Required work
From the line with "Teso College Aloet’s" through the line with "付属のリボンをつけているので", repeat the entries verbatim, both end lines included, and add nothing.

The input
/---

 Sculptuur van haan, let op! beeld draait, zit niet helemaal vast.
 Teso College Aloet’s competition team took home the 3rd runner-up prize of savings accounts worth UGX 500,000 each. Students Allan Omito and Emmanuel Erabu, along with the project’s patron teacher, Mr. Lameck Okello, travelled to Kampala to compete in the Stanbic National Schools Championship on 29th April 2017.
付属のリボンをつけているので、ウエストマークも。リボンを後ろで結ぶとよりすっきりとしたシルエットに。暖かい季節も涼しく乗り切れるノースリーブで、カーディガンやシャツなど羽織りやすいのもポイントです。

\---
/---

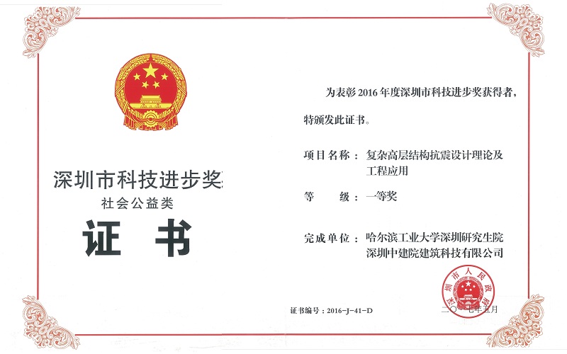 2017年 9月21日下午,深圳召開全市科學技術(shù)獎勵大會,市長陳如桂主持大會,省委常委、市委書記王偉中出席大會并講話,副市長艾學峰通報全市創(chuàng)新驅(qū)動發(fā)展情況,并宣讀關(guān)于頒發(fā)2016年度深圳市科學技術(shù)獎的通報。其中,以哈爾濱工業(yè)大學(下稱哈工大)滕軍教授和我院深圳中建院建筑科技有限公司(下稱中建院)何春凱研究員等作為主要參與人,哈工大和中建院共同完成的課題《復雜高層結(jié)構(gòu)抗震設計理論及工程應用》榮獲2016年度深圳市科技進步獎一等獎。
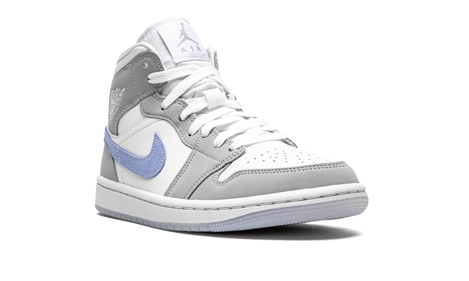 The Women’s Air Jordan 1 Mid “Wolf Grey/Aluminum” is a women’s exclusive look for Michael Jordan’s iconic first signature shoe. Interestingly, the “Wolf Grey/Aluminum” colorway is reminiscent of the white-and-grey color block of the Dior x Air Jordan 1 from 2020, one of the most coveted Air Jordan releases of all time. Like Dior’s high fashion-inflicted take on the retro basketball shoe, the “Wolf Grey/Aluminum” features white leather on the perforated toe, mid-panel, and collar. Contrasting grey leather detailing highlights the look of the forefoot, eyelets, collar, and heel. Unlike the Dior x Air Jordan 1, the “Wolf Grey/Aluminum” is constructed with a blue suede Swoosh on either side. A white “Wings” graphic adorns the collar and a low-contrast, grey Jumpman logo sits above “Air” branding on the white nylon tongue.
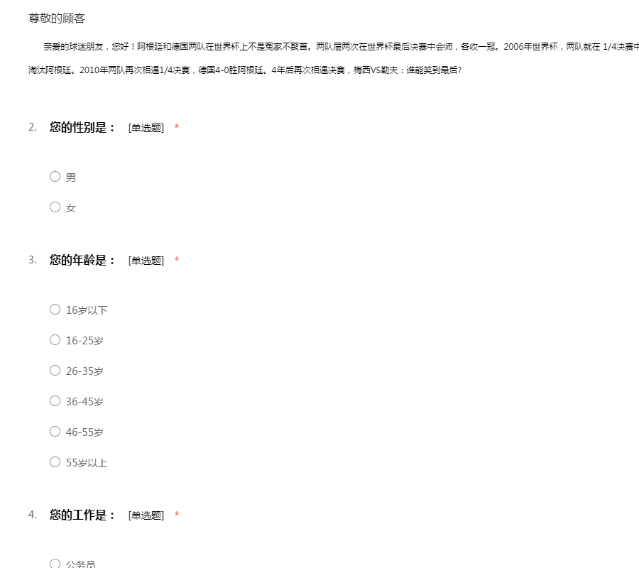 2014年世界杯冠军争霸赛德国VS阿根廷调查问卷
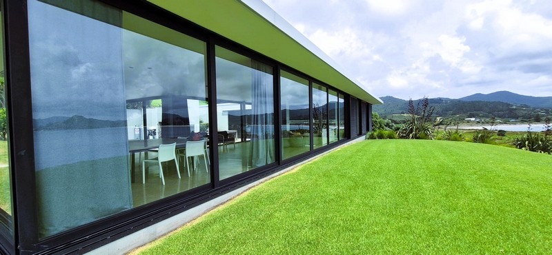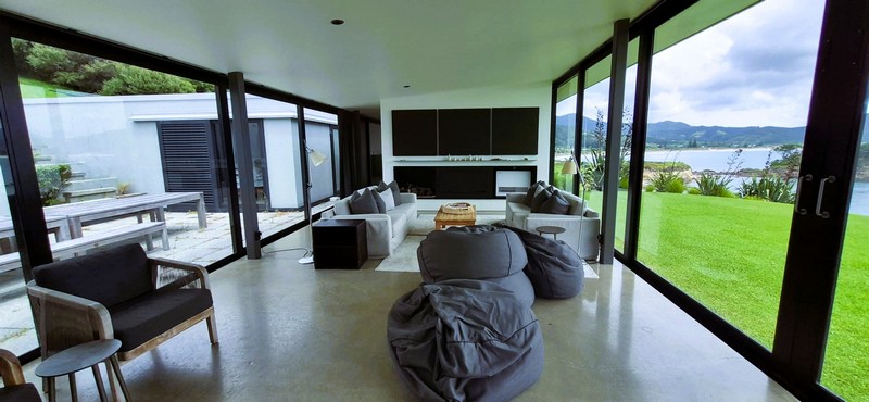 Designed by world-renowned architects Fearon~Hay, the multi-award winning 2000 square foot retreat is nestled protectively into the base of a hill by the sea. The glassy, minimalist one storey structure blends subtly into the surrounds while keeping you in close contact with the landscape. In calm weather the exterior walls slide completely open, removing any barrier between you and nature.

\---

Response box
 Teso College Aloet’s competition team took home the 3rd runner-up prize of savings accounts worth UGX 500,000 each. Students Allan Omito and Emmanuel Erabu, along with the project’s patron teacher, Mr. Lameck Okello, travelled to Kampala to compete in the Stanbic National Schools Championship on 29th April 2017.
付属のリボンをつけているので、ウエストマークも。リボンを後ろで結ぶとよりすっきりとしたシルエットに。暖かい季節も涼しく乗り切れるノースリーブで、カーディガンやシャツなど羽織りやすいのもポイントです。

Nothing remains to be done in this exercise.